Washington Post, 01/22/00


GUATEMALA CITY–Guatemalan police arrested a military father and son Friday in connection with the death of a prominent bishop in 1998 shortly after the cleric published a report blaming the army for many war atrocities.

Deputy Constable Gerson Lopez said that police arrested Capt. Byron Lima Oliva, 30, and his father, retired Col. Disrael Lima Estrada, 58, for allegedly taking part in the slaying of Bishop Juan Jose Gerardi. Lopez said police had also arrested an elderly woman, Margarita Lopez, a cook in the parish house where Gerardi lived. Prosecutors issued arrest warrants for two other people–a military intelligence officer and a priest who was Gerardi's aide–officials said.

Gerardi was killed April 26, 1998, two days after releasing a landmark report that accused Guatemala's military of extensive atrocities during the 36-year civil war that ended in 1996.



For Immediate Release
January 22, 2000
SOA Watch ~ PO Box 4566 ~ Washington DC 20017 ~ 202-234-3440
Contact: Carol Richardson, SOA Watch, (202) 234-3440

US Army School of the Americas Grad Arrested
for Murder of Guatemalan Bishop


WASHINGTON, DC– SOA-trained Guatemalan Col. Byron Disrael Lima Estrada was arrested, along with his son, January 21 for the 1998 murder of Roman Catholic Bishop Juan Gerardi. According to a declassified US Defense Intelligence Agency biographic sketch, Lima Estrada took Military Police training at the US Army School of the Americas (SOA) now located at Ft. Benning, GA. Lima Estrada went on to head the infamous D-2 (G-2) Military Intelligence agency at the height of the genocide campaign in Guatemala's civil war.
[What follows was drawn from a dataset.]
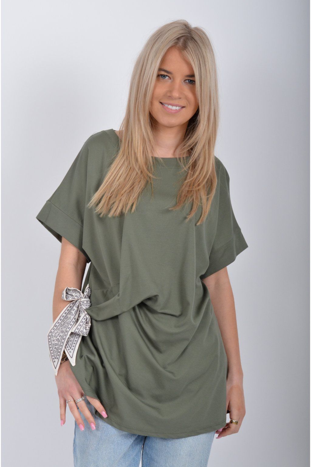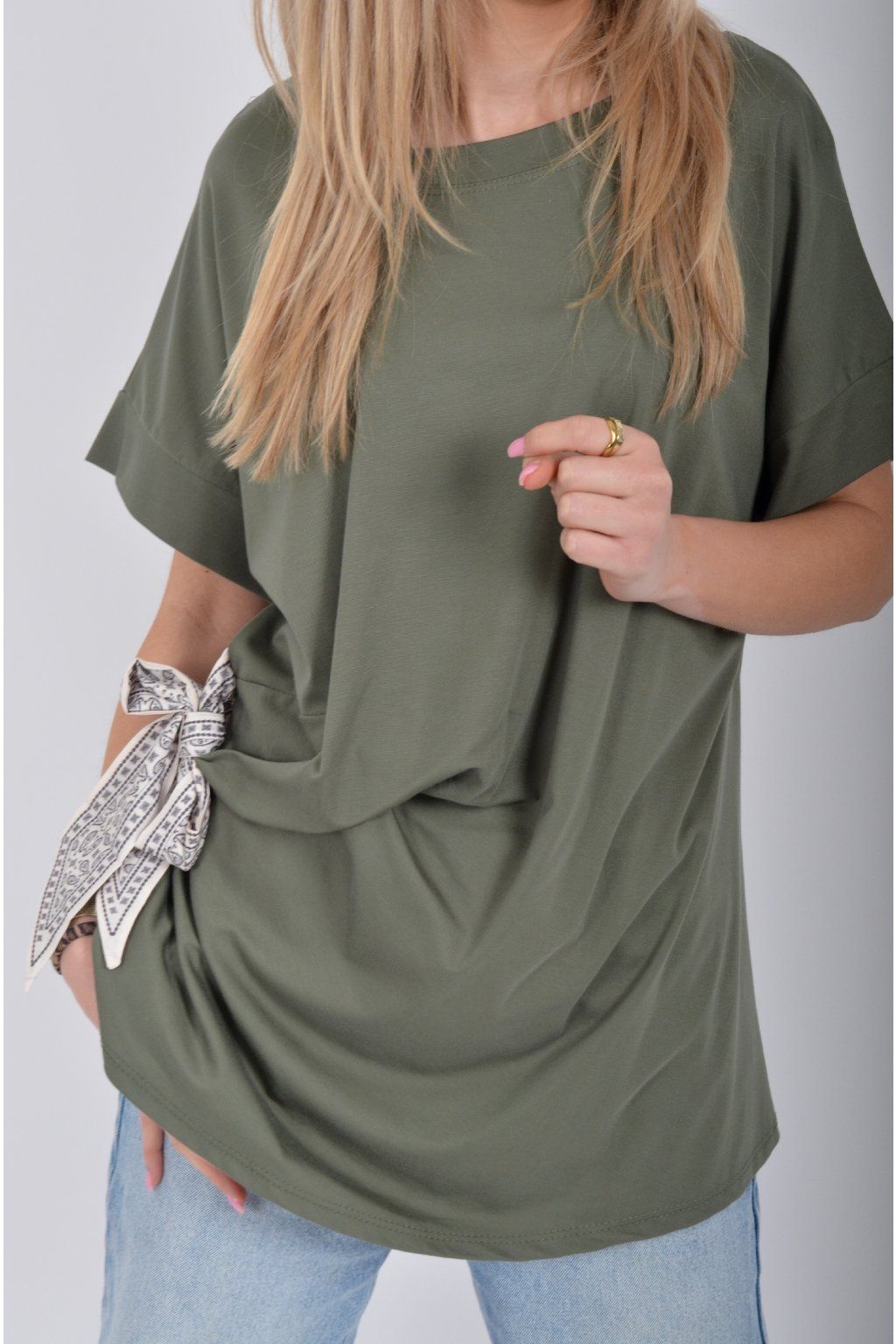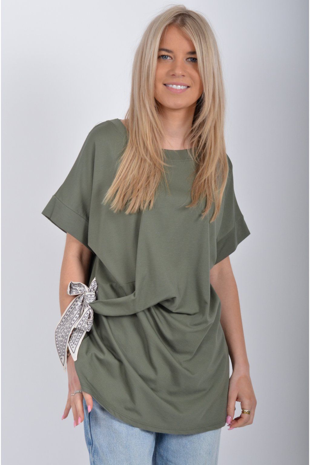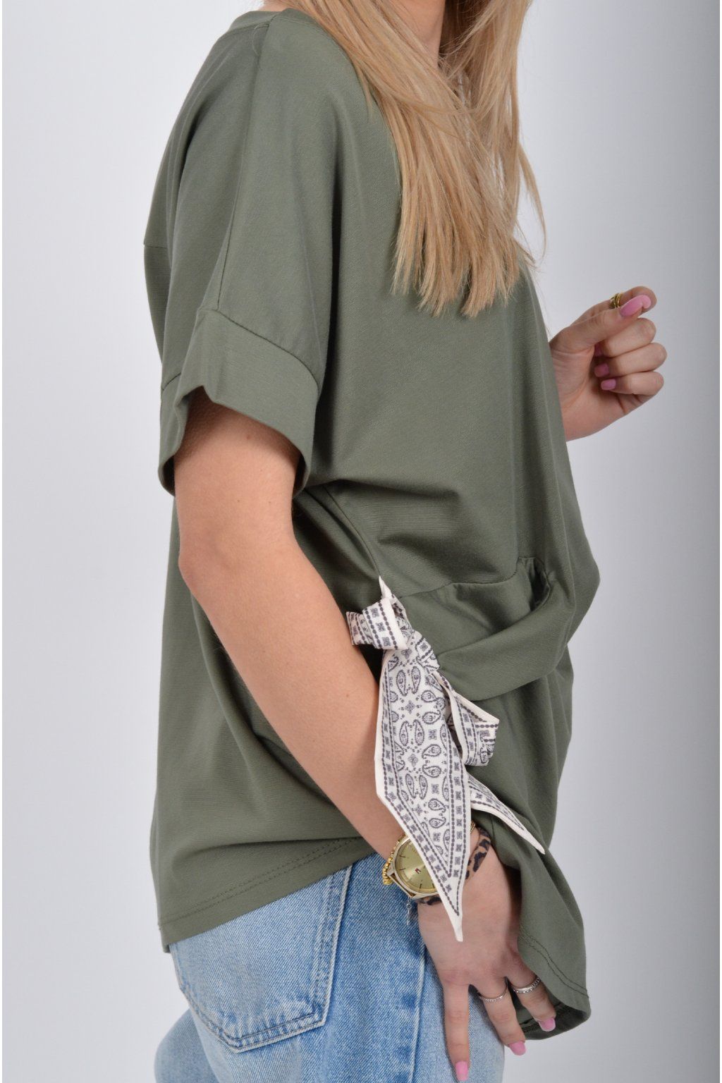Tričko s krátkým rukávem a vázáním na boku vyrobené z velice příjemného a elastické materiálu. Je ideální pro každodenní nošení.

Bishop Gerardi was bludgeoned to death in his home two days after he released a human rights report that implicated the D-2 in human rights atrocities committed during the war. The report, "Guatemala: Never Again," based on thousands of testimonies collected by the archbishop's office, provided a chilling catalog of the mechanisms of violence. In a chapter titled "D-2: The Very Name of Fear," the report severely criticizes the military intelligence agency headed by Lima Estrada from 1983-85. It cited the D-2 for playing a "central role in the conduct of military operations, in massacres, extra-judicial executions, forced disappearances and torture."

The arrest of Lima Estrada will add to the mounting evidence against the US Army School of the Americas. The SOA has come under increasing criticism by groups in the United States and Latin America who cite numerous human rights and US State Department reports that link SOA graduates to atrocities in Latin America. The 78,000-member Leadership Conference of Catholic nuns and the 13-million member AFL-CIO are two of the spectrum of organizations that have called for the closing of the infamous US Army school. In commemoration of another SOA-linked assassination in El Salvador, over 10,000 human rights activists gathered to protest the Ft. Benning combat training school last November. Twenty-three now face six-month prison sentences for their nonviolent protest.

In July 1999 the US Congress voted 230-197 to cut funds to the SOA. The measure failed in the conference committee, but another vote is expected this year. Rep. Joseph Moakley (MA) and Sen. Richard Durbin (IL) have introduced companion bills calling for the SOA's closing. The arrest in Guatemala will bolster their efforts and counter Pentagon and Congressional supporters who argue that SOA atrocities are a thing of the past.